To determine the angle at which the car should be in Spymaster Paul's sights when the packet is released, we can use trigonometry.
Let's break down the given information:
1. The helicopter is flying horizontally at a constant speed of 215 km/h.
2. The car is traveling at a speed of 155 km/h.
3. The car is 78.0 m below the helicopter.

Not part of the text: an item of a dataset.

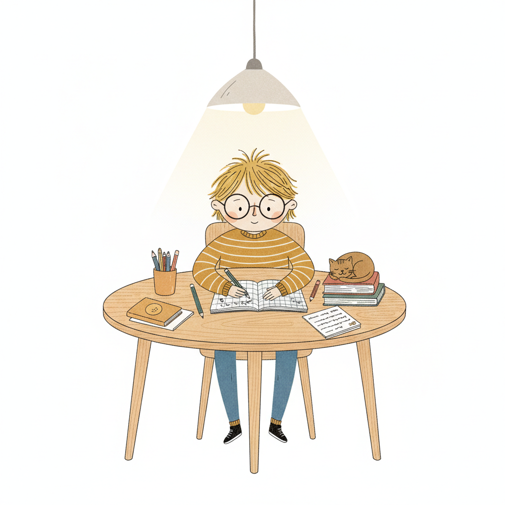 Ein Junge sitzt an einem Tisch und schreibt, eine Katze liegt auf den Büchern.

To find the angle, we need to consider the horizontal and vertical components of the motion.
Horizontal Component:
Both the helicopter and the car are moving horizontally. Since there is no vertical acceleration, the horizontal component of the helicopter's velocity will remain constant at 215 km/h.
Vertical Component:
The vertical component of the car's velocity is negligible since it is traveling on a level highway.

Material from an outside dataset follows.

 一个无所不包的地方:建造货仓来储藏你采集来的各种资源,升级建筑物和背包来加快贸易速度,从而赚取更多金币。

Now, let's calculate the time it takes for the packet to fall from the helicopter to the car:
The distance between the helicopter and the car is constant, regardless of their speeds. Therefore, we can consider the horizontal distance covered by the helicopter to be the same as the vertical distance covered by the packet.
Using the formula for distance, speed, and time: distance = speed x time
The time taken by the packet to fall 78.0 m can be calculated as:
78.0 m = 0 m/s (initial vertical velocity of the packet) x time + (1/2) x 9.8 m/s² (acceleration due to gravity) x time²
Simplifying the equation, we get:
78.0 m = (1/2) x 9.8 m/s² x time²
Solving for time, we find:
time² = (2 x 78.0 m) / 9.8 m/s²
time² = 15.9184 s²
time ≈ 3.9896 s (approximated to 4 decimal places)
Now, let's calculate the horizontal distance covered by the car during this time:
The horizontal distance covered by the car is given by the product of its velocity and the time:
horizontal distance = velocity x time
horizontal distance = 155 km/h x (3.9896 s/3600 s) (converting km/h to m/s)
Simplifying the equation, we find:
horizontal distance ≈ 43.439 meters
Finally, we can calculate the angle at which the car should be in Spymaster Paul's sights when the packet is released:
Using the tangent function: tan(theta) = opposite/adjacent
tan(theta) = 78.0 m / 43.439 m
Taking the inverse tangent (arctan) of both sides to isolate theta:
theta ≈ arctan(78.0 m / 43.439 m)
After calculating this, we find that the angle is approximately 60.91 degrees (rounded to two decimal places).
Therefore, Spymaster Paul should aim the car at an angle of approximately 60.91 degrees to the horizontal when releasing the packet.